## DATASET EXCERPT
:::

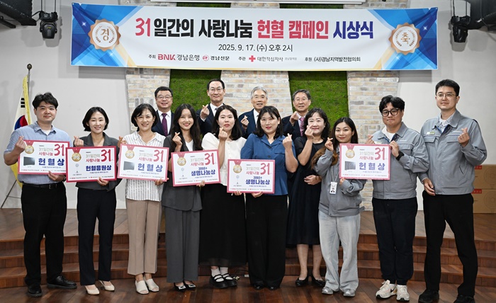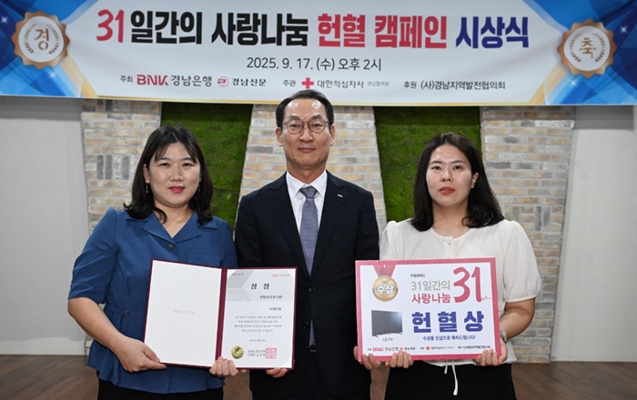 [½Ã»çÄÚ¸®¾ÆÀú³Î=Á¤Á¾¹Î ¼±ÀÓ±âÀÚ] °ÅÁ¦½Ã´Â Áö³ 17ÀÏ °æ³²½Å¹®»ç 1Ãþ Ȧ¿¡¼ ¿¸° '2025³â 31Àϰ£ÀÇ »ç¶û³ª´® ÇåÇ÷Ä·ÆäÀÎ' ½Ã»ó½Ä¿¡¼ ¿ì¼ö´Üü·Î ¼±Á¤µÅ °æ³²ÀºÇàÀå ǥâÀ» ¼ö»óÇß´Ù.
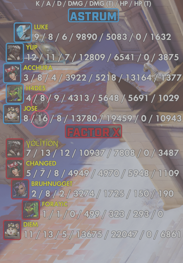 | Team | Player | Kills | Assists | Deaths | Damage | Damage (Taken) | Healing | Healing (Taken) |
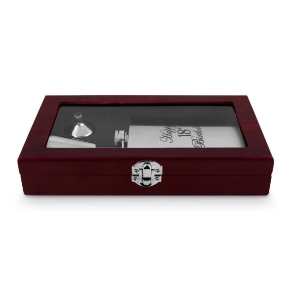 This sleek hip flask is the perfect gift for a 18th birthday. It comes complete with a cocktail mixing set, all in a latched wooden windowed gift box.
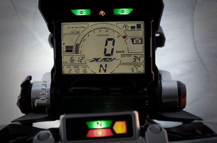 X-ADV全车灯具均采用高亮度LED灯源,形状棱角分明彰显科技与时尚感。并且融入了探险风格的车速表配置,这块全液晶仪表设计风格源自Honda参加达喀尔拉力赛的CRF450 Rally战车。能够显示油耗、存油量、日期时钟、转速、时速、室外温度、总里程/单次里程记录、DCT模式、智能钥匙识别灯、档位等丰富信息。

:::

Starting at the line that contains "This sleek hip", restate each line verbatim through the final line of the listing, skipping all pictures.

## TASK OUTPUT
 This sleek hip flask is the perfect gift for a 18th birthday. It comes complete with a cocktail mixing set, all in a latched wooden windowed gift box.
 X-ADV全车灯具均采用高亮度LED灯源,形状棱角分明彰显科技与时尚感。并且融入了探险风格的车速表配置,这块全液晶仪表设计风格源自Honda参加达喀尔拉力赛的CRF450 Rally战车。能够显示油耗、存油量、日期时钟、转速、时速、室外温度、总里程/单次里程记录、DCT模式、智能钥匙识别灯、档位等丰富信息。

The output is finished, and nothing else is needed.